Disturbance observer-based integral sliding-mode control design for leader-following consensus of multi-agent systems and its application to car-following model

In this manuscript, the memory-based integral sliding-mode control (MBISMC) that depends on a disturbance observer (DOB) is designed for the multi-agent systems (MASs) with mismatched disturbance. To do this, DOB is provided to estimate disturbances, which are included in the controller design procedure. Besides that, an integral-type surface function (ISF) is intended to model the properties of the MASs and DOB. The designed ISF contains not only a state-dependent input matrix but also memory information. To date, the stability properties of the MAS with external disturbances, parameter uncertainties, and MBISMC have not been studied in the literature, which is the primary impetus for this research. Further, an H-8-theory and Lyapunov-Krasovskii functional (LKF) is applied to derive sufficient stability conditions that ensure the global asymptotic consensus of the presented model. Meanwhile, the mismatched disturbances of considered MASs are attenuated effectively by the MBISMC method. In conclusion, three numerical examples are offered to demonstrate the practicality and usefulness of the proposed design techniques.

Automated summary

In this manuscript, a memory-based integral sliding-mode control (MBISMC) is designed for multi-agent systems (MASs) with mismatched disturbances by using a disturbance observer (DOB). The DOB is used to estimate disturbances and is included in the controller design procedure.
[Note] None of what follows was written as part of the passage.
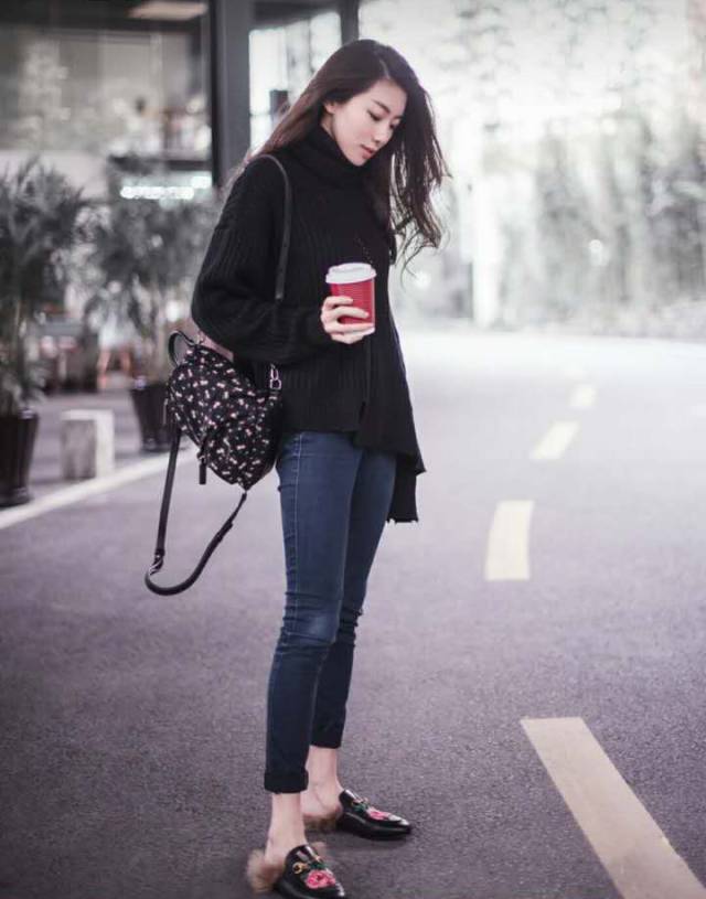 GUCCI刺绣毛拖鞋,Givenchy木槿花双肩小背包~这一身多么的平(低)凡(调)朴(奢)素(华)啊~~ ▼ ▼ ▼

An integral-type surface function (ISF) is used to model the properties of the MASs and DOB, which contains a state-dependent input matrix and memory information. The stability properties of MASs with external disturbances, parameter uncertainties, and MBISMC have not been studied, and this research aims to fill this gap. Furthermore, sufficient stability conditions are derived using H-8 theory and Lyapunov-Krasovskii functional (LKF) to ensure global asymptotic consensus, and the MBISMC method effectively attenuates the mismatched disturbances of the MASs. Three numerical examples are provided to demonstrate the practicality and usefulness of the proposed design techniques.